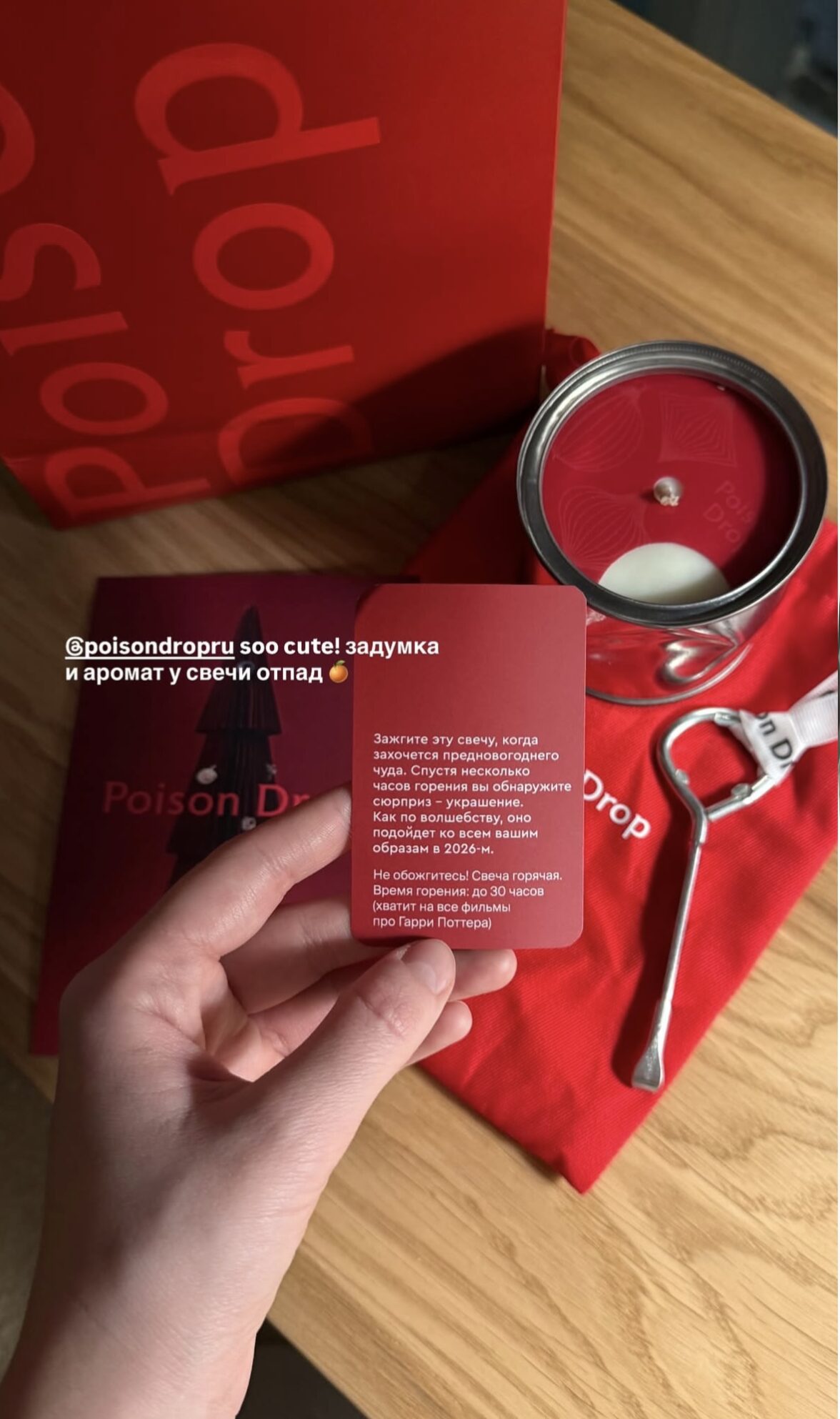 Ювелирный бренд Poison Drop сделал ставку на магию ожидания: свеча с инструкцией «Зажгите, когда захочется предновогоднего чуда». Через несколько часов горения внутри обнаруживалось украшение, которое «подойдет ко всем образам в 2026 году». Даже ремарка о времени горения — «хватит на все фильмы про Гарри Поттера» — работала на вовлечение и storytelling.
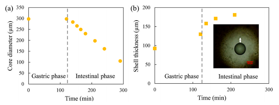 图3展示了核心直径(a)和外壳厚度(b)随消化时间的变化。图中显示,在胃和肠消化过程中,外壳厚度增加,而核心直径逐渐减小。外壳的膨胀可能是由于消化液中钙离子浓度的降低导致的离子交换,而核心直径的减小则是由于脂质的水解。
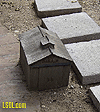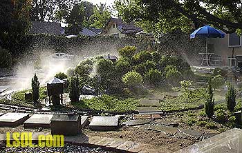 There are two power towers and two pop-ups easily visible in this picture and in the upper right is the communication tower. All are spraying water. The tower in the foreground is not plumbed. The large sheet of plexiglass is the cover for my truss bridge to protect it during persimmon season. It is used about 5 months of the year. Around my Church Hill I have a ring of 1/2" tubing with spray heads installed directly. They are pointed up on about a 60 degree angle to throw the water into the air all around the hill. I hit on this process because, by trial and error. I found that the prevailing breeze always blew the water away from the hill, no matter where I placed the spray heads. In this configuration I get good coverage no matter which way the breeze blows. The Church Hill has sedum and thyme as ground cover and miniature pomegranate,  Church Hill curtain of water Mexican heather, White Swan, rosemary and santolina as trees.
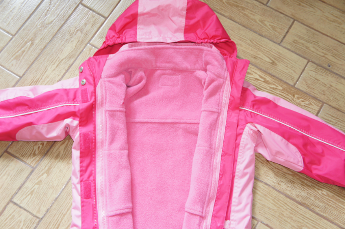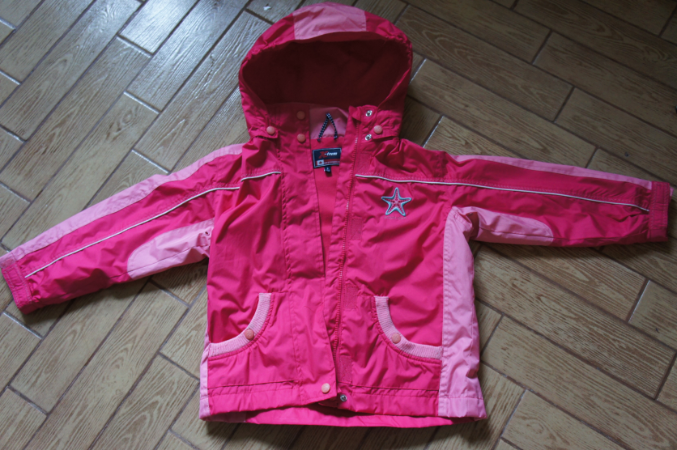 Куртка 2-в-1, может быть ветровкой, а если пристегнуть идущую в комплекте флисовую кофту, становится более теплым вариантом. Ветро-водонепроницаемая, яркая, сочная. Удобная, манжеты на липучках, сама куртка на молнии, кнопках, липучках. Размер 5 (110-116см).
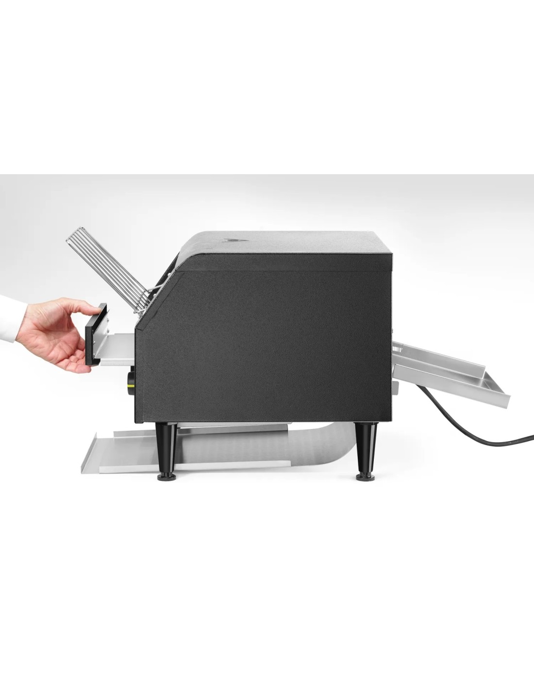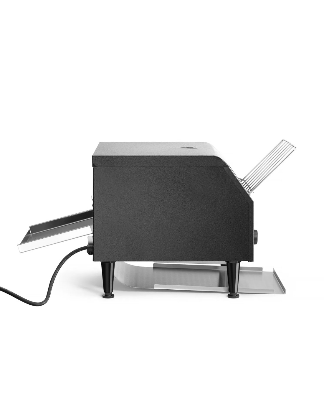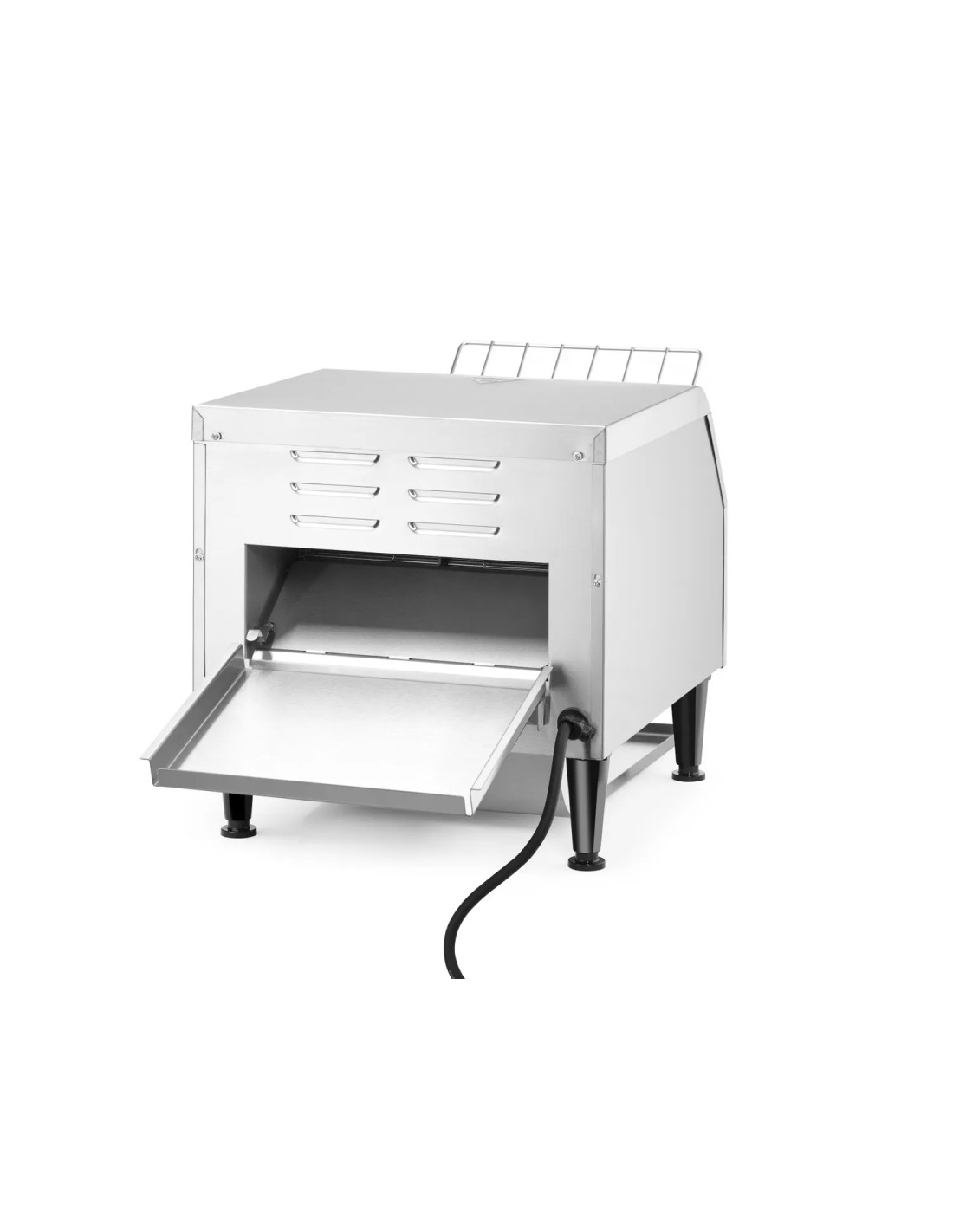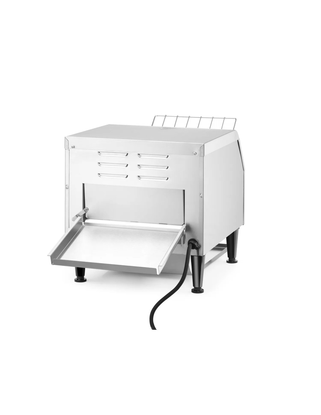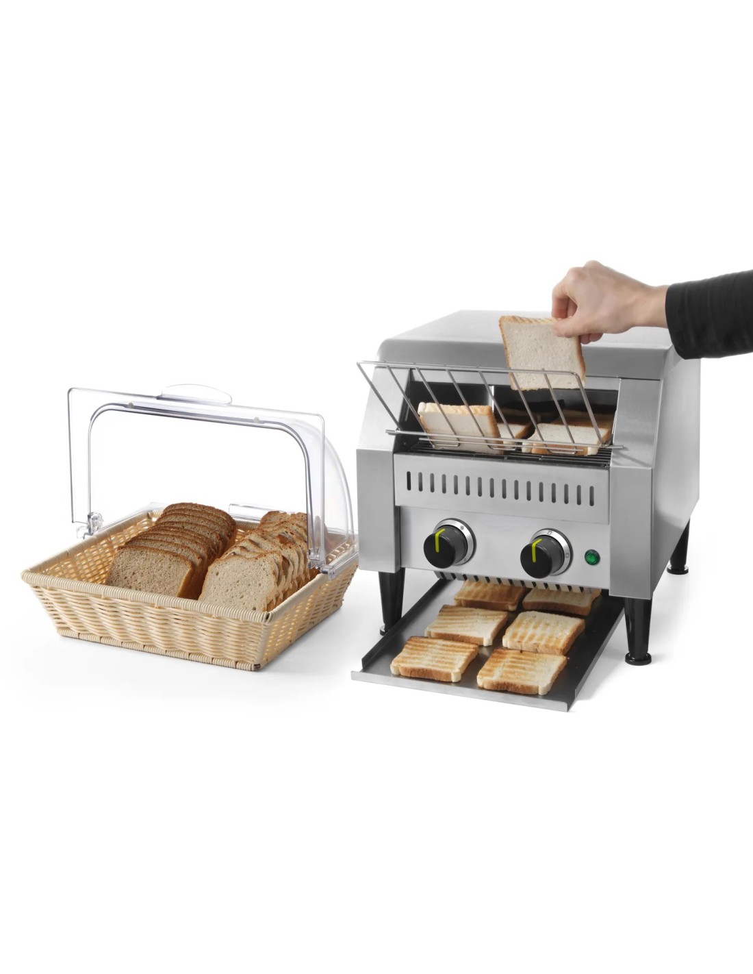 El tostador tiene cabida para dos filas de rebanadas de pan, una junto a otra. Dos elementos de calentamiento separados. Apto para tostar rebanadas de pan de manera continuada. Incluye bandejas frontal y posterior. Tiempo de tueste ajustable hasta 3 minutos.
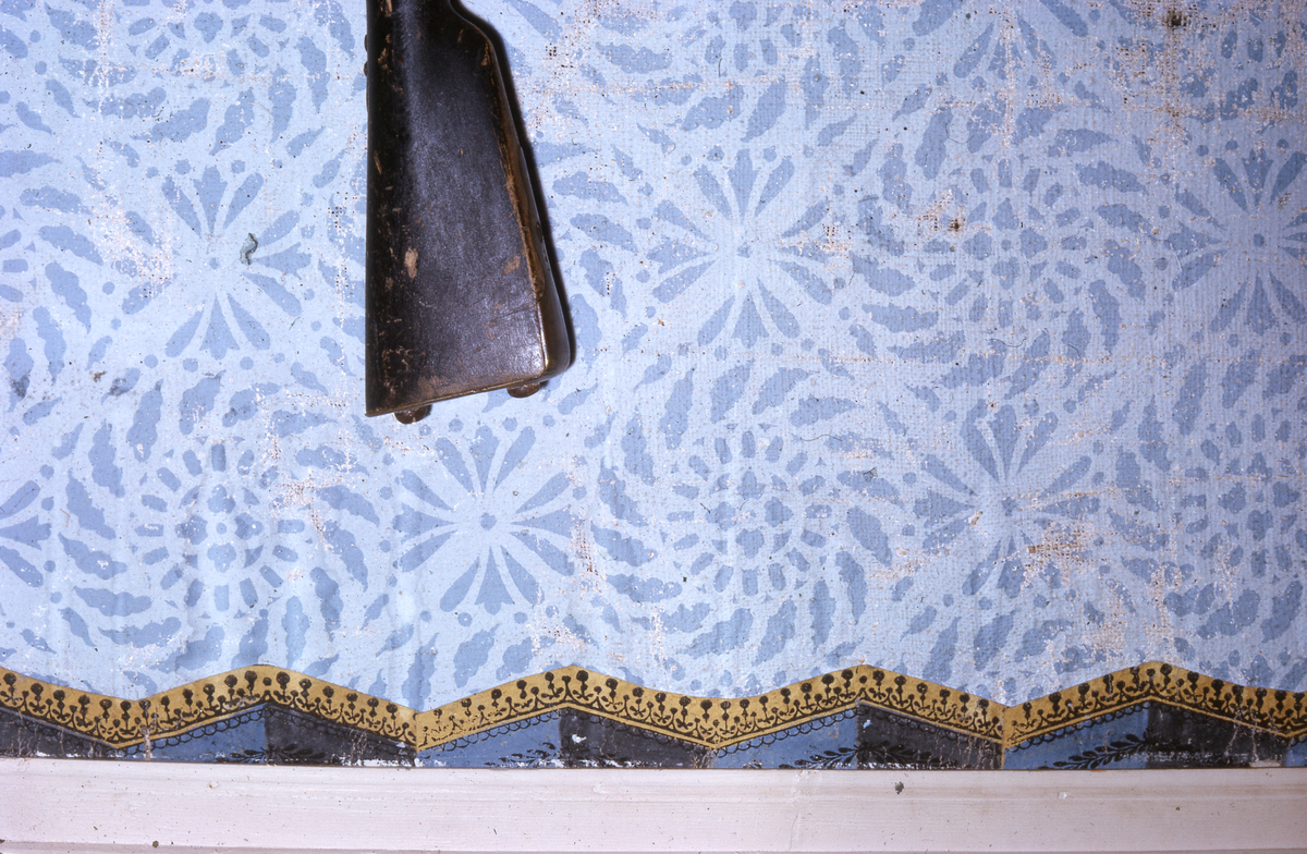 Innertrappa, schablontapet. På väggen jaktgevär. Arbrå hembygdsgård "Fornhemmet".
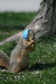 This is not one of our baby squirrels, but one that somehow ended up wearing a plastic Easter egg bonnet near the school my brother teaches at. See? Totally cute!
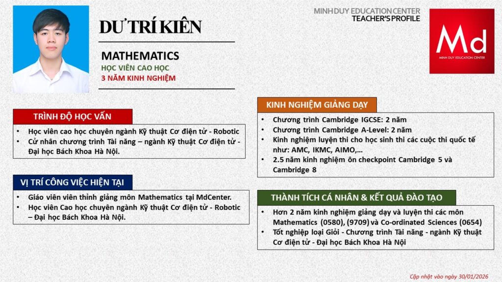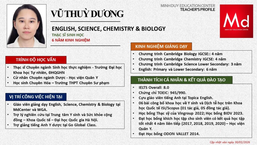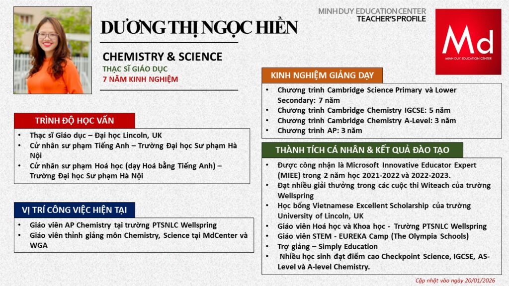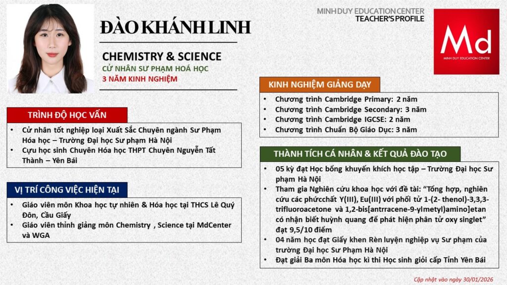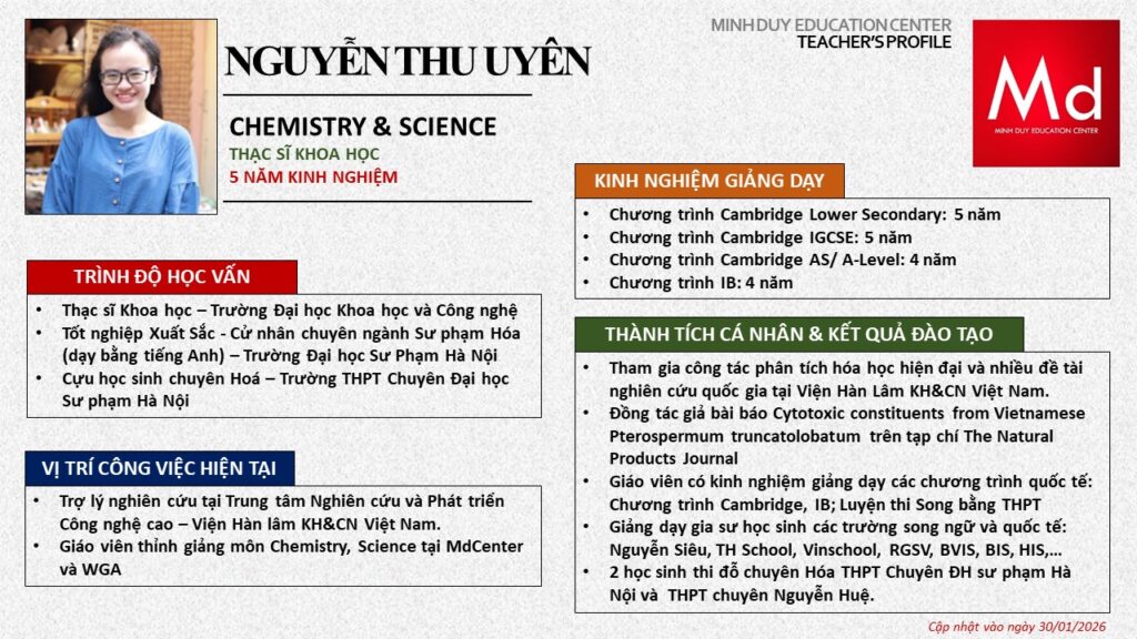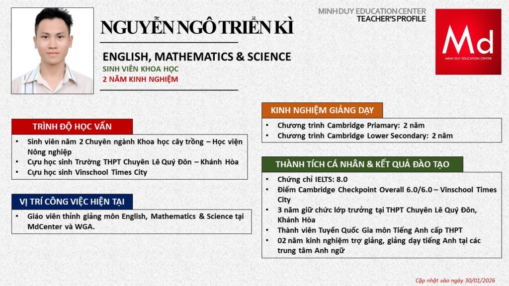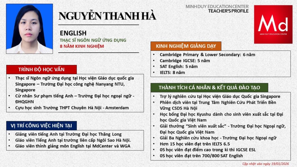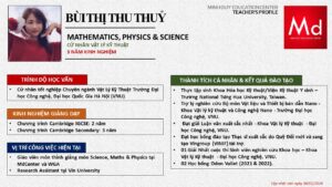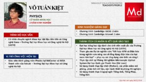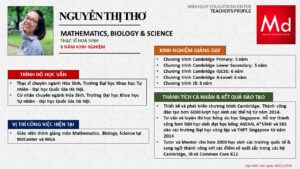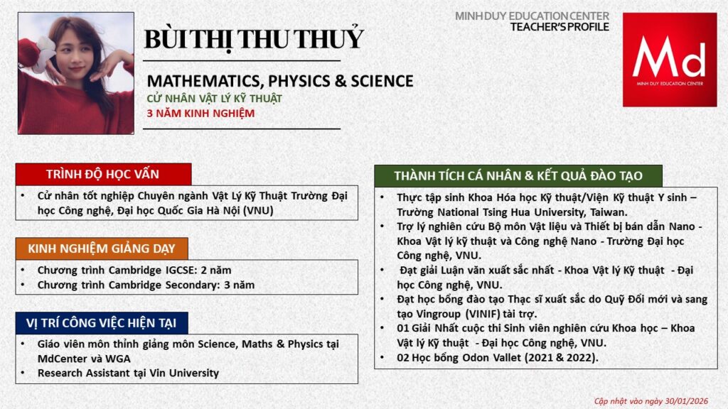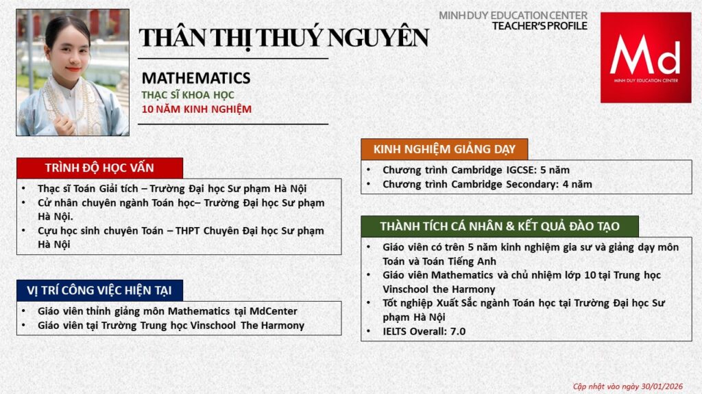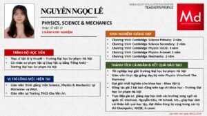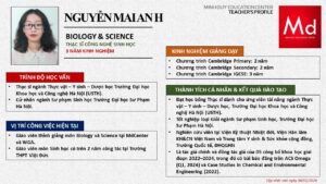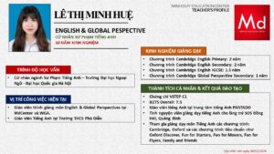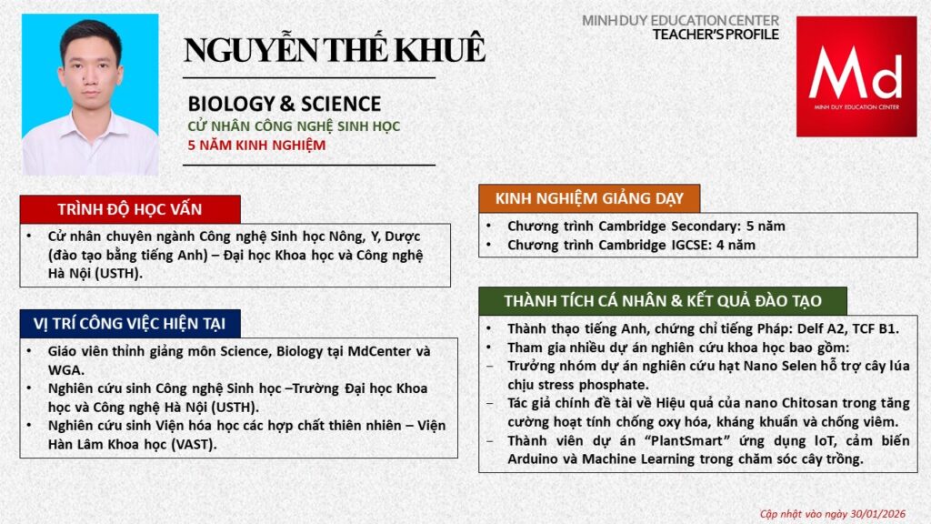 Bên cạnh đó, về chuyên môn đào tạo và giảng dạy, Minh Duycó kinh nghiệm đào tạo 15 môn học trong chương trình quốc tế Cambridge, IB và Common Core bao gồm: Mathematics, Physics, Chemistry, Biology, Science, Economics, Business, Global Perspectives, English, Accounting, Psychology, Sociology, Computer Science & Media Studies.
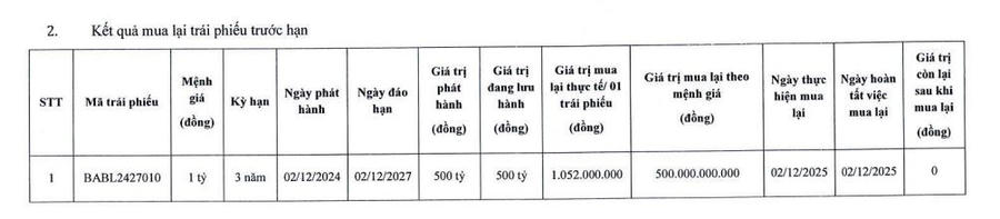 Cụ thể, vào ngày 2/12, Bac A Bank đã thực hiện mua lại trước hạn toàn bộ lô trái phiếu mã BABL2427010, giá trị mua lại thực tế 1,052 tỷ đồng/trái phiếu.

■ **Try it**: All lines from the one containing "Innertrappa, schablontapet. På" to the end of the entries should appear in the output exactly as written, with no pictures.

■ **Answer space**:
 Innertrappa, schablontapet. På väggen jaktgevär. Arbrå hembygdsgård "Fornhemmet".
 This is not one of our baby squirrels, but one that somehow ended up wearing a plastic Easter egg bonnet near the school my brother teaches at. See? Totally cute!
 Bên cạnh đó, về chuyên môn đào tạo và giảng dạy, Minh Duycó kinh nghiệm đào tạo 15 môn học trong chương trình quốc tế Cambridge, IB và Common Core bao gồm: Mathematics, Physics, Chemistry, Biology, Science, Economics, Business, Global Perspectives, English, Accounting, Psychology, Sociology, Computer Science & Media Studies.
 Cụ thể, vào ngày 2/12, Bac A Bank đã thực hiện mua lại trước hạn toàn bộ lô trái phiếu mã BABL2427010, giá trị mua lại thực tế 1,052 tỷ đồng/trái phiếu.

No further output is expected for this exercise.